Core Principle: Schema-Aware Transformations

Gold layer merge operations read from Silver and must handle:

  1. Column name differences
  2. Data type transformations
  3. Business logic calculations
  4. SCD Type 2 tracking

Column Name Mapping Pattern

Problem: Column Names Differ Between Layers

Example: Silver has company_rcn, but Gold expects company_retail_control_number

❌ DON'T: Reference non-existent columns

updates_df = (
    silver_df
    .select(
        "store_number",
        "company_retail_control_number",  # ❌ This column doesn't exist in Silver!
        # ...
    )
)

✅ DO: Map columns explicitly with withColumn

updates_df = (
    silver_df
    # Map Silver column to Gold column name
    .withColumn("company_retail_control_number", col("company_rcn"))
    .select(
        "store_number",
        "company_retail_control_number",  # ✅ Now this exists
        # ...
    )
)

Variable Naming Conflicts

Problem: Import Conflicts with Local Variables

Critical Rule: NEVER name local variables the same as imported PySpark functions.

❌ DON'T: Shadow imported functions

from pyspark.sql.functions import count

def merge_data():
    # Later in the code...
    count = updates_df.count()  # ❌ Shadows the imported 'count' function!
    
    # This will fail:
    df.agg(count("*"))  # Error: 'int' object is not callable

✅ DO: Use descriptive variable names

from pyspark.sql.functions import count

def merge_data():
    record_count = updates_df.count()  # ✅ No conflict
    
    # This works:
    df.agg(count("*"))  # ✅ Uses the imported function

Common PySpark Functions to Avoid as Variable Names

  • count → use record_count, row_count, num_records
  • sum → use total, sum_value, aggregated_sum
  • min → use min_value, minimum
  • max → use max_value, maximum
  • round → use rounded_value, result
  • filter → use filtered_df, subset

Merge Operation Patterns

SCD Type 1 (Overwrite)

Use for: Dimension tables where history doesn't matter

Template: See assets/templates/scd-type1-merge.py for complete pattern.

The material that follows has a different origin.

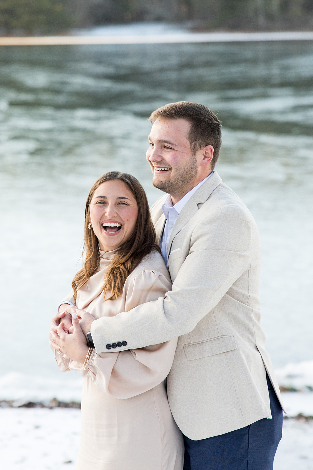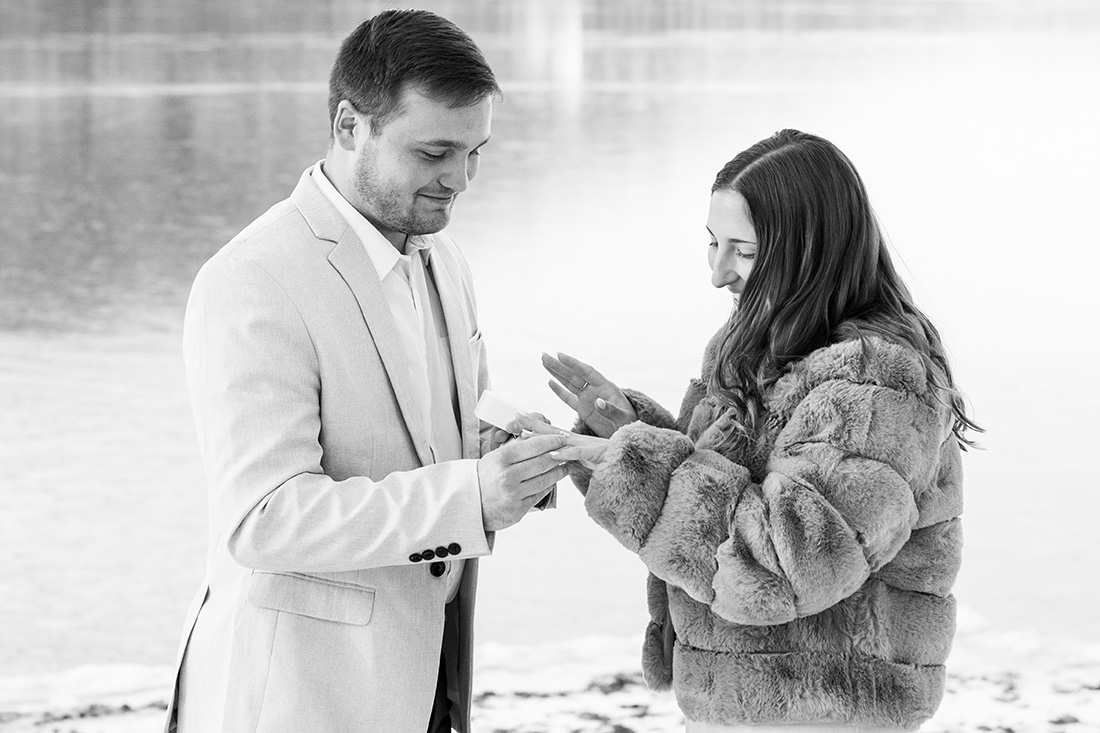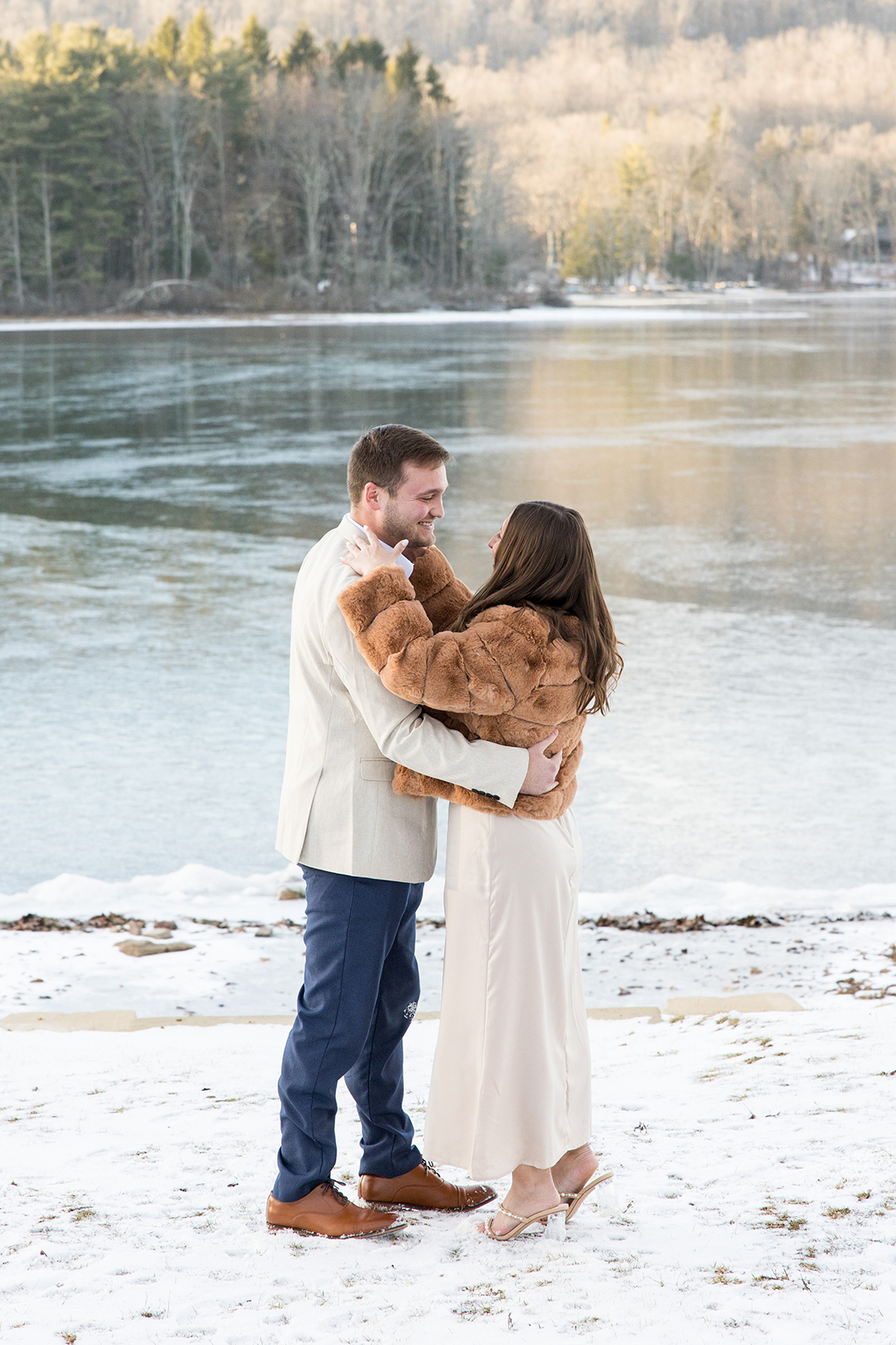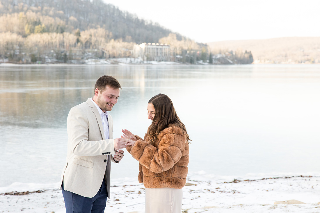 So much of what I remember from this proposal day involves the frosty conditions at the shoreline of Dutch’s at Silver Tree at Deep Creek Lake. The frozen lake, the frosted trees, a touch of snow on the ground, and the softest sunlight pouring across it all. The soft colors were just magnificent – golds and grays and blues and greens…

def merge_dim_product(spark: SparkSession, catalog: str, silver_schema: str, gold_schema: str):
    """Merge dim_product from Silver to Gold (SCD Type 1)."""
    
    silver_table = f"{catalog}.{silver_schema}.silver_product_dim"
    gold_table = f"{catalog}.{gold_schema}.dim_product"
    
    silver_df = spark.table(silver_table)
    
    # Prepare updates with column mappings
    updates_df = (
        silver_df
        .withColumn("product_key", col("upc_code"))  # Business key
        .withColumn("record_updated_timestamp", current_timestamp())
        .select(
            "product_key", "upc_code", "product_description",
            # ... other columns
            "record_updated_timestamp"
        )
    )
    
    delta_gold = DeltaTable.forName(spark, gold_table)
    
    # SCD Type 1: Update all fields when matched
    delta_gold.alias("target").merge(
        updates_df.alias("source"),
        "target.product_key = source.product_key"
    ).whenMatchedUpdateAll(
    ).whenNotMatchedInsertAll(
    ).execute()
    
    record_count = updates_df.count()  # ✅ Good variable name
    print(f"✓ Merged {record_count} records into dim_product")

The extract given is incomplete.